Kistos Holdings plc ended 2025 in a “robust” financial position of $199 million cash, as it looks to further benefit from its newly acquired licence interests in Oman.

PRIORITIES
The cash figure includes $75 million in tax rebates relating to activity on its Norwegian assets in 2024.
The company noted that tax rebates of approximately $28m in respect of net 2025 expenditure is paid in December 2026.
Adjusted net debt totalled approximately $81m, net of the carrying $280m outstanding bond debt.
Actual production for 2025 averaged 9,000 barrels of oil equivalent per day, which was the top end of Kistos’ 8,000 – 9,000 boepd guidance.
The Oman transaction, due to complete this quarter and effective from 1 January 2025, is set to add 25.6 million barrels of oil equivalent of 2P reserves net to Kistos, based on the operator’s estimate.
Kistos said that proforma guidance for 2026 remained at 19,000 to 21,000 boepd.

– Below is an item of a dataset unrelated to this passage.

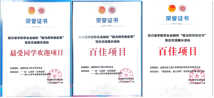 12月14日至15日,2025年四川省学校学生会组织“我为同学做实事”项目交流展示活动在成都举办。经过学校初选推荐、全省初选、同学满意度调查、现场答辩展示四个环节,我校推报项目在全省214所学校381个申报项目中脱颖而出。学校学生会“‘杏’心筑梦·五育赋能”——杏仁儿学子全面成长服务矩阵项目,经学生观察团和大众评审团综合评议,荣获四川省学生会服务同学“最受同学欢迎项目”(全省共30项)。该项目与网络空间安全学院学生会“国安防线,星火共筑”校园安全多维守护项目,也双双入选四川省学生会组织服务同学“百佳项目”(全省共100项)。三项荣誉的取得,集中彰显了我校服务育人的扎实成效。

The group currently holds a 10% non-operated interest in six production licences in the Balder Area in the Norwegian central North Sea, and a 60% operated interest in five production licences and eight exploration licences, offshore the Netherlands.
Kistos additionally has 20 to 33% non-operated interest in three licences in the Greater Laggan Area, 125 miles northwest of the Shetland Islands.
Executive chairman Andrew Austin added: “We successfully executed on all four of our stated priorities: achieving Balder Future first oil, meeting the higher end of our full-year production guidance (8,000-9,000 boepd), continuing to convert 2C resources to 2P reserves, and executing a value-accretive M&A transaction while continuing to invest in our existing asset base.
“Our balance sheet strength is underpinned by our ability to fund further growth opportunities, maintain flexibility, and continue to enhance shareholder value.”